Thaler is also the founder of The Gleaners' Kitchen, gleaner being Thaler's euphemism for dumpster diver, derived from the agricultural practice of taking leftover produce and grains from the fields after the harvest. He started the group in Massachusetts to serve dumpster-sourced dinners, but they only managed to host a few meals before the landlord kicked them out.
For a period in his life, while running The Gleaner's Kitchen, Thaler says he was eating 100 percent of his meals from the dumpster.
"Most of the dumpstering I would do was at Trader Joe's," he says, introducing me to a new verb. "They — more than any other grocery store — they plastic wrap their food a lot," so the chucked goods are still safe to eat. Some grocery stores, like Whole Foods, compact their food right away, mixing plastics and food together, leaving much less treasure for picking, he explains.
A documentary about Thaler and his friends, not yet released, shows them digging in a surprisingly efficient manner — throwing full, multicolored Odwalla bottles into a milk crate and carefully moving half-filled trash bags and papers to pick out vegetables.
"I've never found rats and I've never gotten sick," he says.
And while he agrees it may take a little training to dive, he suggests the rules regarding finding food that's still good enough to eat are much easier to navigate than those about private property.
"You look at the food and you smell the food ... using your senses is really important," Thaler says.
While vegetables may get mushy and cheeses might mold, it's nothing that Thaler can't cut off or cook up. He says the only thing that's really risky is meat.
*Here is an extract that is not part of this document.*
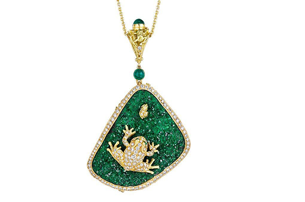God is in the details of this pendant by Anthony Lent, which shows off many intricate, hand-carved features in 18-karat yellow gold and uvaravite, diamonds and emeralds ($41,700). anthonylent.com
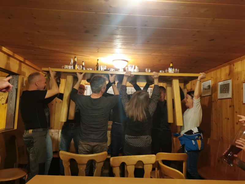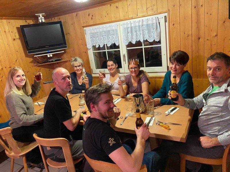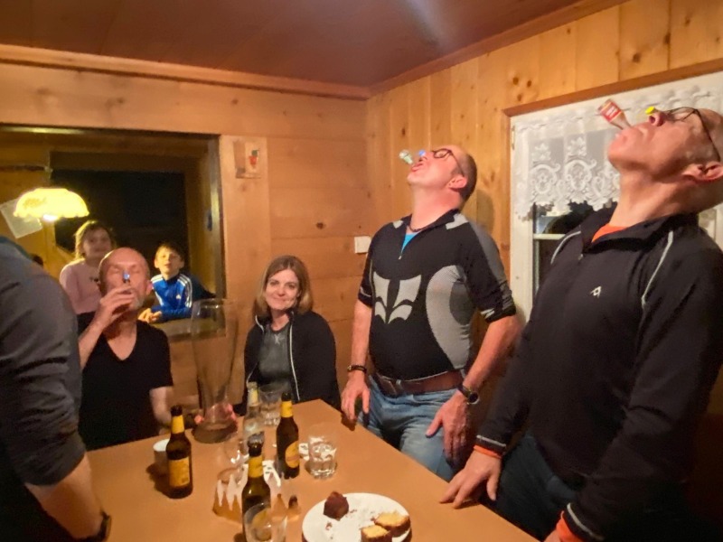 Danach ging es weiter in die SCU Hütte. Wir wurden von Roger und Roli Hüeberli und Familien bereits erwartet und mit einer sehr guten Älplermagrone mit zweierlei Apfelmus verwöhnt. Zum Dessert gab es den hervorragenden Lia‘s Eiskaffee. Der hat uns regelrecht aus den Socken gehauen. So ein feiner, rahmiger, softiger Eiskaffee hatte ich noch nie und ich hoffe ihr alle kommt irgendwie auch mal in den Genuss diesen Eiskaffee zu probieren. Viele Dank euch für die super Bewirtschaftung.

"I would never eat a rare steak out of the dumpster," he says. "Don't take the meat that's obvious discolored," he advises. Eggs, on the other hand, are fine, he says, as long as they don't smell absurdly strong of sulfur.
Dumpster divers are protected by a 1988 Supreme Court case, California v. Greenwood, in which the court ruled that the Fourth Amendment (the one that bans unreasonable searches and seizures) doesn't protect a person's trash left out for public collection. However, foraging in dumpsters on private property does carry the risk of violating trespassing laws.
At the height of his dumpstering, Thaler and his friends would break out the gloves (also from dumpsters), magnetic LED lights and milk crates (for storage) to quest for food in the middle of the night.
"You want to go really, really quickly," he explains, so you don't get caught.
Cooking for a full house, Thaler could often gather as much as 1,000 dollars' worth of food in 20 to 30 minutes. The longer part of the process was sorting the food, cutting away the bad parts of mushy tomatoes or moldy bread and figuring out what to do with preposterous quantities of one particular item he'd sometimes pick up (he recalls once stumbling upon "thousands of bananas").
For Thaler, the practice is as much philosophical as it is practical. He writes via email:
"There are complex systemic reasons why there is so much food waste in this country, but at their core is the fact that most Americans have forgotten what good food is." He argues that humans have evolved to know what good food is, and we don't need the Food and Drug Administration or sell-by dates to tell us that.
Thaler's friends, he says, are also people who have embraced this "waste not" philosophy: "A lot of my closest friendships have been forged in the dumpster in a lot of ways."
Now living in Berkeley, Calif., Thaler still hasn't been to the grocery store in "a very long time." But he has released a cookbook, A Curious Harvest: The Practical Art of Cooking Everything. The book offers advice for using and storing common ingredients, so nothing goes to waste. For instance, a page on the pineapple notes that when ripe, it will be slightly soft, and it tastes great grilled and served on a burger like tomato slices.
But neither the book nor Thaler's lifestyle is necessarily about legislative activism or publicity – he's just wearing his heart on his tongue.
"I'm trying to build the world that I want to live in," he says, calling it cultural activism. "I start by changing the tiny little world that I live in."